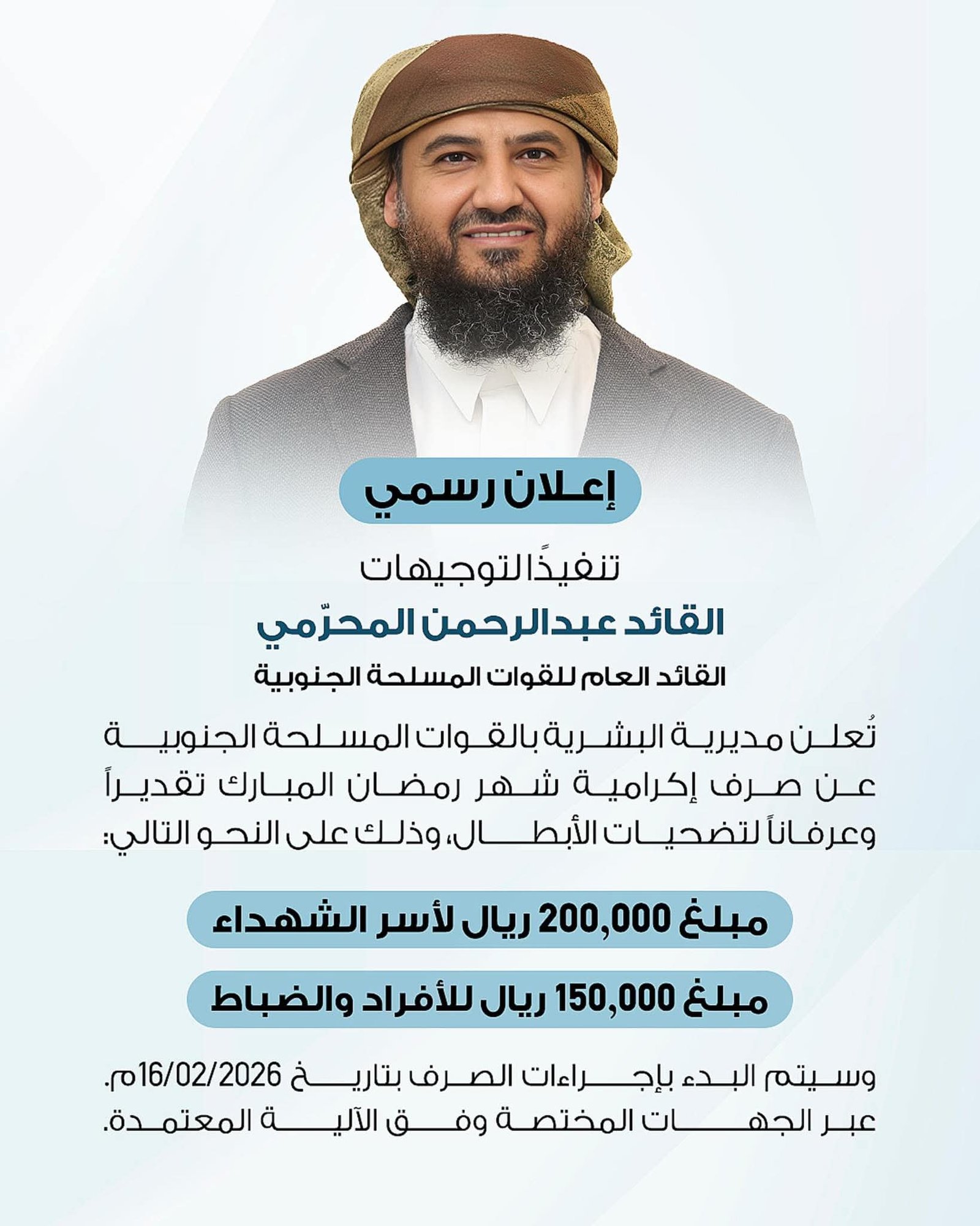 تنفيذاً لتوجيهات القائد عبدالرحمن المحرّمي، القائد العام للقوات المسلحة الجنوبية.. أعلنت مديرية البشرية العامة بالقوات المسلحة الجنوبية، عن صرف إكرامية شهر رمضان المبارك تقديراً وعرفاناً لتضحيات أبطال القوات المسلحة الجنوبية.
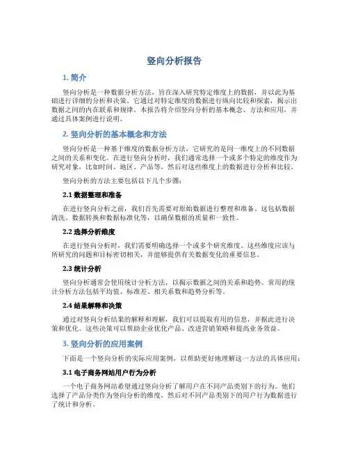 竖向分析报告1. 简介竖向分析是一种数据分析方法,旨在深入研究特定维度上的数据,并以此为基础进行详细的分析和决策。
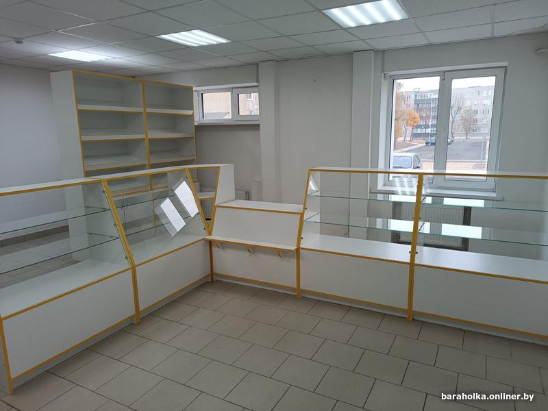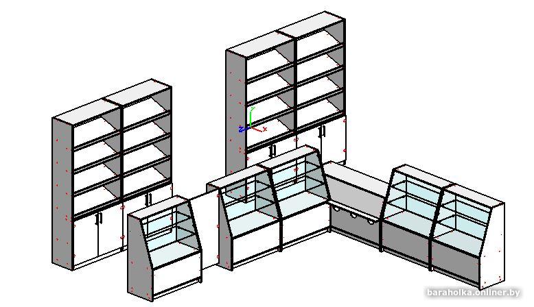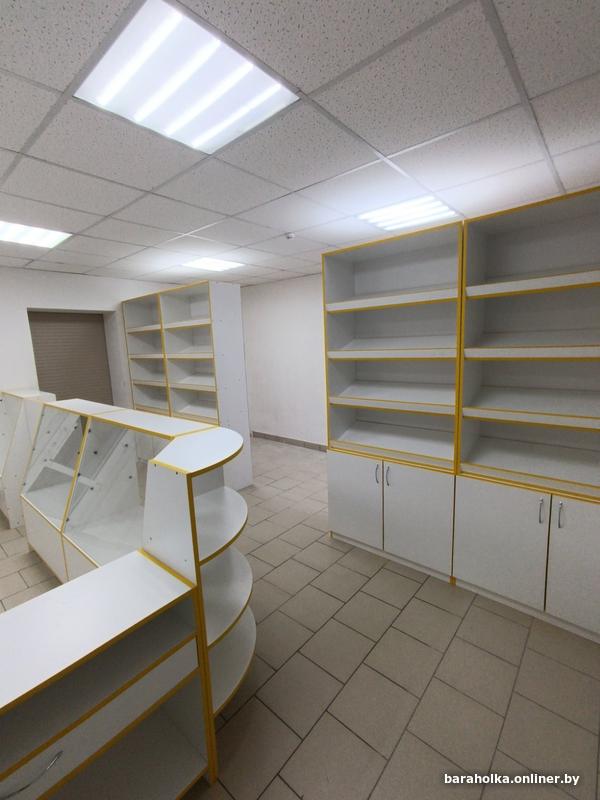 Двери в стеллажах по низу, кассовый ящик на замке.

☆ ☆ ☆

> **PROMPT**: Output only the lines from the start of the data through the line that holds "竖向分析报告1. 简介竖向分". Keep them exact and leave the pictures out.

> **OUTPUT BELOW**:
 تنفيذاً لتوجيهات القائد عبدالرحمن المحرّمي، القائد العام للقوات المسلحة الجنوبية.. أعلنت مديرية البشرية العامة بالقوات المسلحة الجنوبية، عن صرف إكرامية شهر رمضان المبارك تقديراً وعرفاناً لتضحيات أبطال القوات المسلحة الجنوبية.
 竖向分析报告1. 简介竖向分析是一种数据分析方法,旨在深入研究特定维度上的数据,并以此为基础进行详细的分析和决策。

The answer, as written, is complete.